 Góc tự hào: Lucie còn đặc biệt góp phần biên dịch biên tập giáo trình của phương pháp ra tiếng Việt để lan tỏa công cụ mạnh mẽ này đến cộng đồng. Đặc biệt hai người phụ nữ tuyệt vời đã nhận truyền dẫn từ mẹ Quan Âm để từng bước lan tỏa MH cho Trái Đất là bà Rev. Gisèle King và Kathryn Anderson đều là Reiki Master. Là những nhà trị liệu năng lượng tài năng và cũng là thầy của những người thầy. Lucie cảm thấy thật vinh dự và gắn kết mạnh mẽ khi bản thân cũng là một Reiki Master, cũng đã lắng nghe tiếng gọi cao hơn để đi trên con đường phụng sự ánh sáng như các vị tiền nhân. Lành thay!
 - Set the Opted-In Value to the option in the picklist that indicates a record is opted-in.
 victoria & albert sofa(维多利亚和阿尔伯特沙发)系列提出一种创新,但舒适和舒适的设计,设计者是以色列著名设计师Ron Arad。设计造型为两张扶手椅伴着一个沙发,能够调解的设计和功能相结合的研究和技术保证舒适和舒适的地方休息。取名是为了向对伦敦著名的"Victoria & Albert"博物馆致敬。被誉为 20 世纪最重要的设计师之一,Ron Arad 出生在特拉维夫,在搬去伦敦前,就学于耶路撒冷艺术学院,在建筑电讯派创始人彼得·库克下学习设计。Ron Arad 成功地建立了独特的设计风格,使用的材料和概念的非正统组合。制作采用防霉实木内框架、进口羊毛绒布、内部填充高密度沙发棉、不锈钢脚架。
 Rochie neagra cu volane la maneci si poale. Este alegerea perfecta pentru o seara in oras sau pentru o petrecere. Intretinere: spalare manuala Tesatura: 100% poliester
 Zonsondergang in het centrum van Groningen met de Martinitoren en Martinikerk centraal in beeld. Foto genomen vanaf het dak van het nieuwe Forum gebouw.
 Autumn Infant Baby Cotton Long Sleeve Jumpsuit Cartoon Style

· · · · ·

■ INSTRUCTIONS TO FOLLOW
Give back, unchanged, the line containing "Zonsondergang in het" and each line that comes after it in the entries above, ending with the last.

■ OUTPUT OF THE EXERCISE
 Zonsondergang in het centrum van Groningen met de Martinitoren en Martinikerk centraal in beeld. Foto genomen vanaf het dak van het nieuwe Forum gebouw.
 Autumn Infant Baby Cotton Long Sleeve Jumpsuit Cartoon Style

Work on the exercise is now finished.